No.5100 (2022年01月22日発行) P.59
山本晴義 (労働者健康安全機構横浜労災病院勤労者メンタルヘルスセンター長)
登録日: 2021-12-28
最終更新日: 2021-12-28
やる気がでないことは往々にしてある。自分自身に関しても、どうやったらやる気が出るのか悩んだことがある。“やる気スイッチ”はどこにあるのか、といった相談も受けることがあるが、そもそも、“やる気スイッチ”は存在しない。

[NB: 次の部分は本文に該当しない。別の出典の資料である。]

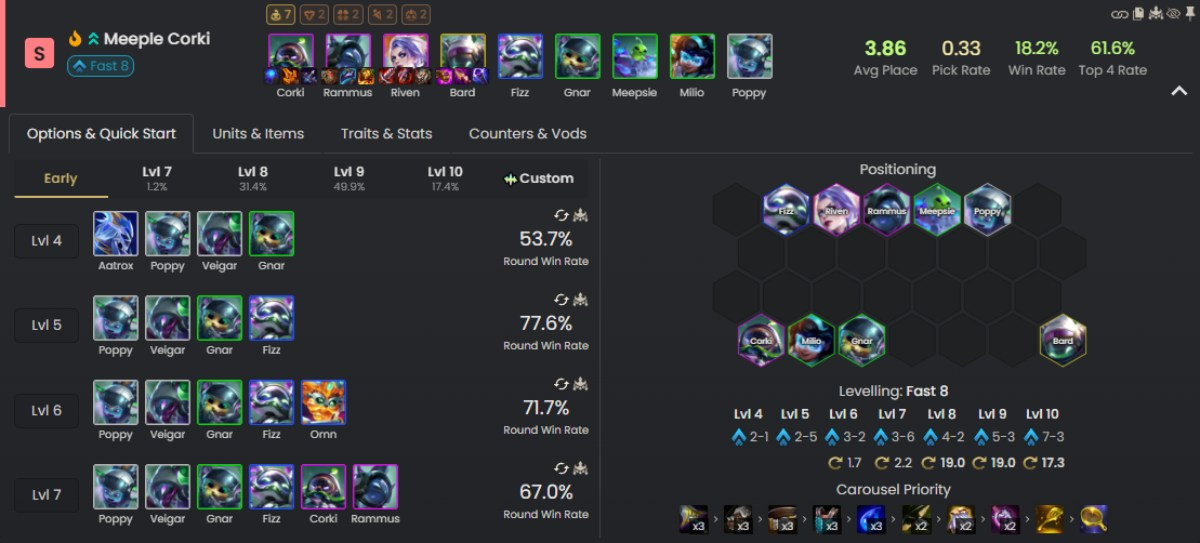 Đã có reroll và Exodia rồi thì chắc chắn chúng ta không thể bỏ qua một bộ cờ fast 8 đánh giữa game thật chất lượng. Và sau rất nhiều trận thử nghiệm, Duy Hưng Computer quyết định lựa chọn giáo án Meeple Corki - với nguyên do chính là vì bộ cờ này có độ khó không cao, cực kỳ đa dụng và đặc biệt là ngưỡng sức mạnh vô cùng ổn định khi vào form.

そのことを前提にやる気が出なくても、物事を進められる方法についてお話したい。1つの方法としては、まず、開始の時間を決めることが大切である。開始時間を決めて、タイマーをかけ、時間になったらいやでもなんでも、まず1分だけでもやってみることである。何でもそうだが、新しく何か行動をすることにはエネルギーが必要である。そのエネルギーを出すのが大変なので人は、今やっている行動を続けることを選ぶ。これを利用すれば、ひとたび新しい行動を始めれば、1分でやめることはあまりない。嫌なことであっても、今の行動を維持しようとする人間の性質で続けることができるのである。切り替えが悪く、勉強がなかなか始められないお子さんにはこのような方法をお勧めする。
また、次のやる気につなげるための方法としては、きりが悪いところで切り上げることも有効である。テレビドラマ等を見るとわかるが、きりが悪く、もっと見たい、次が気になるところで終わりになるようにつくられている。「あー、いいところだったのに」と思うと同時に、「早く続きがみたい、このあとが気になる」とも思うだろう。皆さんの多くは、勉強でも仕事でも、きりが良いところまで行い、一息つくのではないだろうか。しかし、そのあと、次の作業に移ろうとすると、あまりやる気が出ないということがあると思う。これは次の作業をやるために一度切らしてしまった集中力、そしてやる気を再度出さなければならないからである。そこで、わざときりの悪いところで作業を中断すると、途中でやめてしまって何か気持ちが悪いという言葉にできない思いを払拭しようと体が勝手に机に向かうようになる。こうした人の特性を活かすことが物事を進めやすくするポイントである。